Open the example script:

cd ~/fusion-hat/examples/
sudo nano local_voice_chatbot.py

Update the parameters as needed:
- stt = Vosk(language="en-us"): Change this to match your accent/language package (e.g., en-us, zh-cn, es).
- tts.set_model("en_US-amy-low"): Replace with the Piper voice model you verified in 1. Testing Piper.
- llm = Ollama(ip="localhost", model="llama3.2:3b"): Update both ip and model to your own setup.
  - ip: If Ollama runs on the same Pi, use localhost. If Ollama runs on another computer in your LAN, enable Expose to network in Ollama and set ip to that computer’s LAN IP.
  - model: Must exactly match the model name you downloaded/activated in Ollama.

Run the script:

cd ~/fusion-hat/examples/
sudo python3 local_voice_chatbot.py

After running, you should see:
- The bot greets you with a spoken welcome message.
- It waits for speech input.
- Vosk transcribes your speech into text.
- The text is sent to Ollama, which streams back a reply.
- The reply is cleaned (removing hidden reasoning) and spoken aloud by Piper.
- Stop the program anytime with Ctrl+C.

Code

import re
import time
from fusion_hat.llm import Ollama
from fusion_hat.stt import Vosk
from fusion_hat.tts import Piper

# Initialize speech recognition
stt = Vosk(language="en-us")

# Initialize TTS
tts = Piper()
tts.set_model("en_US-amy-low")

# Instructions for the LLM
INSTRUCTIONS = (
    "You are a helpful assistant. Answer directly in plain English. "
    "Do NOT include any hidden thinking, analysis, or tags like <think>."
)
WELCOME = "Hello! I'm your voice chatbot. Speak when you're ready."
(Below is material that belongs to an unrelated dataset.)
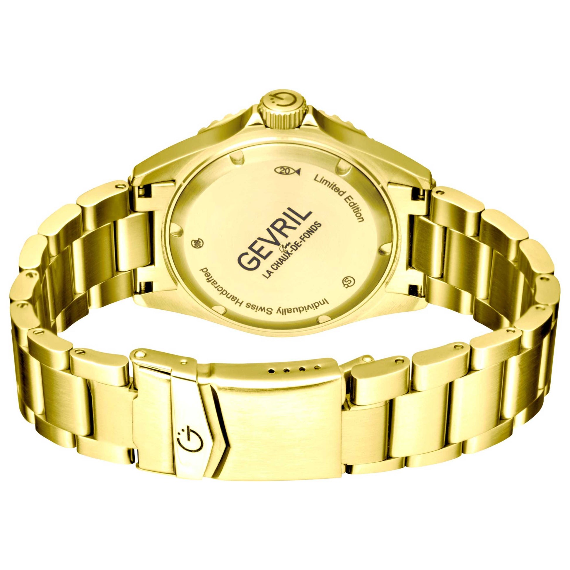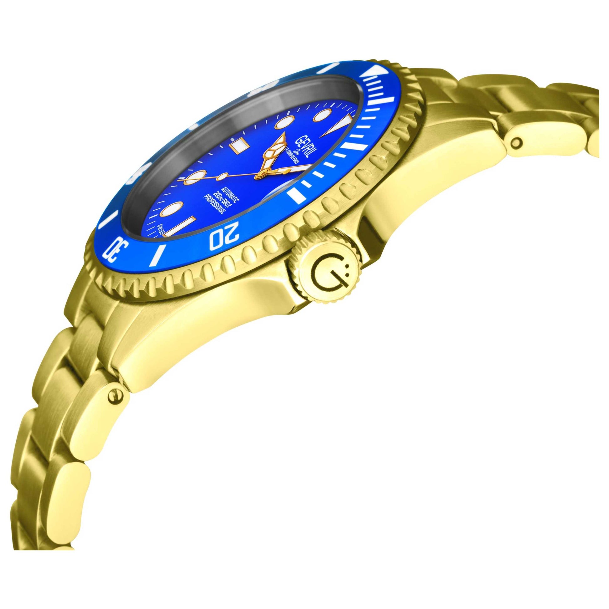 Elevate your attire with the Gevril Wallstreet men's watch, an exemplary fusion of Swiss craftsmanship and modern design. This automatic timepiece features a sturdy 43mm stainless steel case, augmented by a scratch-resistant, anti-reflective sapphire crystal for lasting durability. The vibrant blue dial showcases the date feature, encased within a round case with a screw-down crown. This watch's water resistance stands up to 200m, ensuring reliable performance in various conditions. Wrapping up this piece's distinguished look is a gold stainless steel bracelet secured with a deployment clasp, underlining its robust charm. 4854A

# Initialize Ollama connection
llm = Ollama(ip="localhost", model="llama3.2:3b")
llm.set_max_messages(20)
llm.set_instructions(INSTRUCTIONS)

# Utility: clean hidden reasoning
def strip_thinking(text: str) -> str:
    if not text:
        return ""
    text = re.sub(r"<\s*think[^>]*>.*?<\s*/\s*think\s*>", "", text, flags=re.DOTALL|re.IGNORECASE)
    text = re.sub(r"<\s*thinking[^>]*>.*?<\s*/\s*thinking\s*>", "", text, flags=re.DOTALL|re.IGNORECASE)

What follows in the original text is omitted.